**EXERCISE:** Nothing in the copy should be a picture; everything else in the listing is to be restated exactly.

====== DATASET EXTRACT ======

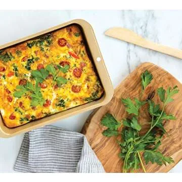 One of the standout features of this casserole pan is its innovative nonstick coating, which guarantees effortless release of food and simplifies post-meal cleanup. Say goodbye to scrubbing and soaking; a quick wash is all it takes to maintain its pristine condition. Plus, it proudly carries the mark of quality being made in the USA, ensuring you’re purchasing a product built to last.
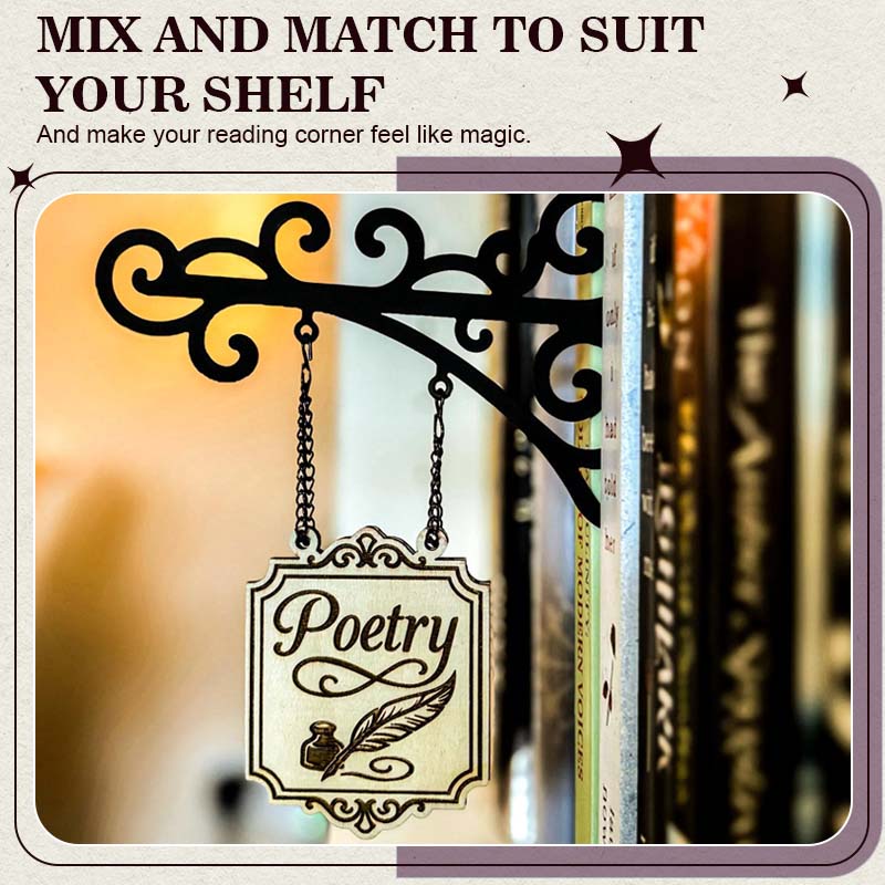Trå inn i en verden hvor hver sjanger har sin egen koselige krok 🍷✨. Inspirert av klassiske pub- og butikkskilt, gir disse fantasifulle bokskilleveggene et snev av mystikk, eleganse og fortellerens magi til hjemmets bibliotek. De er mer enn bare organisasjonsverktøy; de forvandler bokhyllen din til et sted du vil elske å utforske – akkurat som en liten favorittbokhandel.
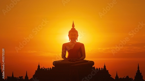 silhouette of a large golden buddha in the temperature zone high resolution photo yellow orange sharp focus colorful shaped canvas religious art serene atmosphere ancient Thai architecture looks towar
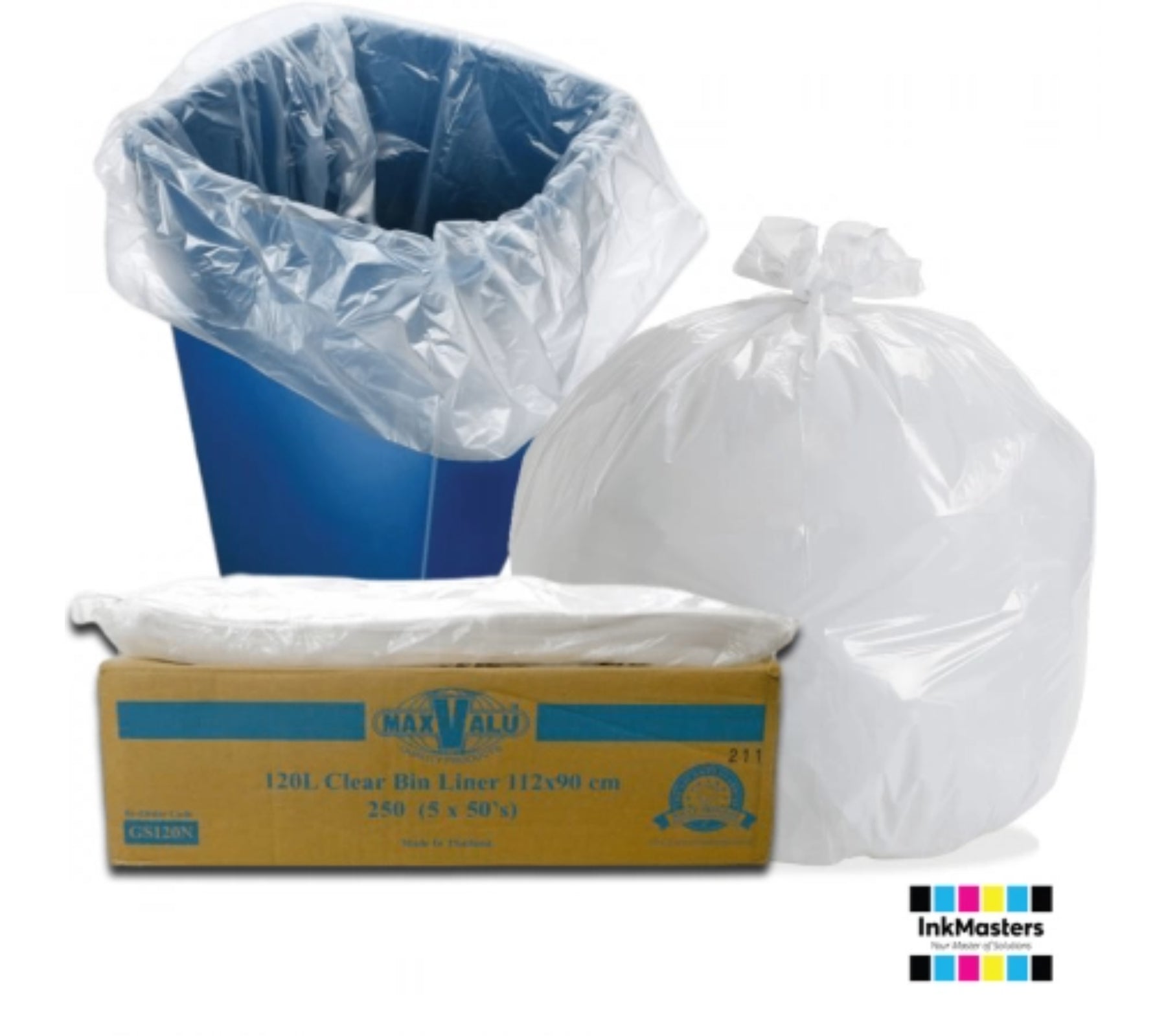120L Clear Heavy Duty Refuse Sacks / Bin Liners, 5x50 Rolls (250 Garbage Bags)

======

**EXERCISE SOLUTION:**
 One of the standout features of this casserole pan is its innovative nonstick coating, which guarantees effortless release of food and simplifies post-meal cleanup. Say goodbye to scrubbing and soaking; a quick wash is all it takes to maintain its pristine condition. Plus, it proudly carries the mark of quality being made in the USA, ensuring you’re purchasing a product built to last.
Trå inn i en verden hvor hver sjanger har sin egen koselige krok 🍷✨. Inspirert av klassiske pub- og butikkskilt, gir disse fantasifulle bokskilleveggene et snev av mystikk, eleganse og fortellerens magi til hjemmets bibliotek. De er mer enn bare organisasjonsverktøy; de forvandler bokhyllen din til et sted du vil elske å utforske – akkurat som en liten favorittbokhandel.
 silhouette of a large golden buddha in the temperature zone high resolution photo yellow orange sharp focus colorful shaped canvas religious art serene atmosphere ancient Thai architecture looks towar
120L Clear Heavy Duty Refuse Sacks / Bin Liners, 5x50 Rolls (250 Garbage Bags)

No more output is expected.